The phrase “Terrible Twos” is a big lie as far as I’m concerned. They twos are easy in comparison to the %(^&* Fours!!!  Age four is starting to make me consider working full time!!  Basically since Halloween and the onset of winter, DD has been utterly miserable to live with.  Everything “bugs” her. Winter boots, winter coat, mittens, toque, her seatbelt, her brother, 90% of her clothes…. you name it. I’m sure some of you have been through this, so I’d love some ideas as to how to handle it without completely losing my mind!

I understand her hate of winter – its not my favorite either. The dark, the cold, the layers of clothes. So I try VERY hard to be sympathetic, but my patience is wearing thin. Getting out the door on time to get DS to school has been virtually impossible. It takes at least 5 minutes alone to get her boots, sock and pants lined up just right so they don’t bug her. Then we get to the car, and its an ordeal to get the coat tucked under her just right so we can put on the seatbelt. All this accompanied by screaming, crying and complete distain of me and how I’m trying to help her. DEEP BREATHS.

Now you may be thinking “Why doesn’t she just MAKE her DD do all this?” Believe me, I’ve tried. I am NOT a pushover Mom. In fact my DS lovingly calls me “hard core”.  And I’m proud of that. I have high expectations for my kids and their behaviour. Time outs and loss of privileges are NOT foreign occurrences in our house. I have taken time and things away from her. I have marched her straight back into the house for a time out when time is not of the essence. I have left her in the house to get herself ready while DS and I wait in the car. None of this has worked. I know this is just a stage, and this too shall pass, and all that. But in the meantime, I feel like I’m beating my head against a brick wall.

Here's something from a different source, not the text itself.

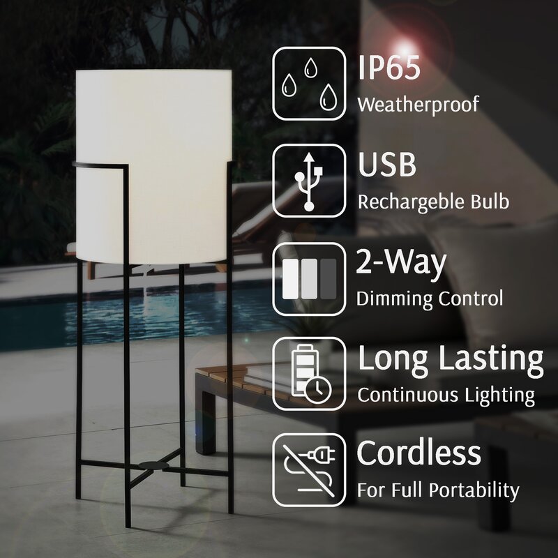 Take your indoor style to your outdoor living spaces with this modern cordless LED outdoor floor lamp. Weatherproof material and UV-resistant shade protect this lamp from rain, wind, and sunlight.

One of the biggest frustrations for me is that usually, she is my sunshine girl. She’s happy, easy going, enthusiastic and really funny. I miss that girl. Right now she is choosing to be miserable. I picked her up from gymnastics the other day. She LOVES gymnastics. I asked her how it was, and she started getting really excited telling me about it. At which point she realized she was excited, stopped, pulled herself back and informed me “but it was boring”.

I want her to learn to cope, to handle the tough things in life (even if it is only a wrinkly sock), and to be a positive person. These are important life skills, and if she doesn’t start to learn them now, its only going to get harder.  My DS was completely impossible at age 3. To the point that I considered taking him to a child psychologist. We got through it, and he’s turning into the neatest, smartest and funniest boy I know. So, yup, this too shall pass and my sunshiney girl will come back. In the mean time, pass the wine. I’m gonna need it.